Previous research has shown that organic fertilizers can generally improve soil physical and chemical properties and that they contain nutrients beneficial to microorganisms and plants (Islam et al. 2009). Ge et al. (2008) found long-term fertilization of soil in eastern China with organic manure to yield distinct community structures with more richness and diversity. Similarly, Chu et al. (2007) found that the use of organic supplements could cause significant increases in species richness and Shannon–Weaver indices over untreated plots. It is therefore reasonable to surmise that the high microbial diversity observed in the reclaimed soil might be driven by its high concentrations of SOM or TN, which could be attributed to the effectiveness of applying organic fertilizers.
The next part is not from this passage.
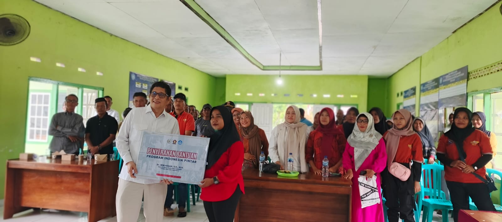 Selain menyerap aspirasi, Bob Hasan menyerahkan bantuan Program Indonesia Pintar (PIP) kepada pelajar penerima manfaat.

In large part, the mixed sowing of legumes with gramineous grass could also be responsible for the increased bacterial diversity in reclaimed soils. Medicago sativa and Trifolium repens have been widely planted in the East China Plain because of their strong tolerance to drought and barren soil and their outstanding heat and cold resistance (Wu et al. 2009). The community coexistence mechanisms of deep legume roots and shallow grass roots can give rise to growth of the biological nitrogen fixing bacterium, Rhizobium (Xu et al. 2010). This is highly conducive to microbial growth and reproduction. In this way, the higher OTUs and diversity indices (Chao and ACE) obtained in reclaimed soils are of ecological significance, as demonstrated by the positive impact on bacterial diversity in areas with a history of diverse crop residues and rooting systems sown with a mixture of gramineae–leguminosae herbage. The higher bacterial diversity of reclaimed soils highlights an ecological reaction of plant-cover development in reclamation soils. The production of litter and root exudate may create conditions that foster eco-diversity and stable microbial communities. On the basis of these findings, it was concluded that both vegetation cover and fertilizer treatment affected soil bacterial communities, with soil characteristics controlling or mediating biogeochemical processes and ecosystem functionality.

Conclusions

The results shown here confirm the hypothesis that soil bacterial diversity and composition were significantly affected by the 13-years land reclamation program. The analysis of bacterial 16S rRNA-based datasets from soils revealed statistically significant differences in soil bacterial diversity and community structure between the reclaimed and subsided land. Stronger clustering of bacterial communities from the same soil system indicated that reclamation practices may have a greater influence on soil microbial communities than seasonal variation. The analysis of effects of soil properties on bacterial community structure revealed that SOM, AK and TN had significant influence on bacterial community structure and diversity. Long-term additions of organic amendments and mixed sowing of different herbage have significant effects on microbial communities and facilitate the improvement of bacterial community diversity in reclaimed soils. Overall, this work provides valuable insight into the response of terrestrial ecosystems to soil reclamation of abandoned mine land and demonstrates the considerable potential of pyrosequencing in characterizing soil microbial communities.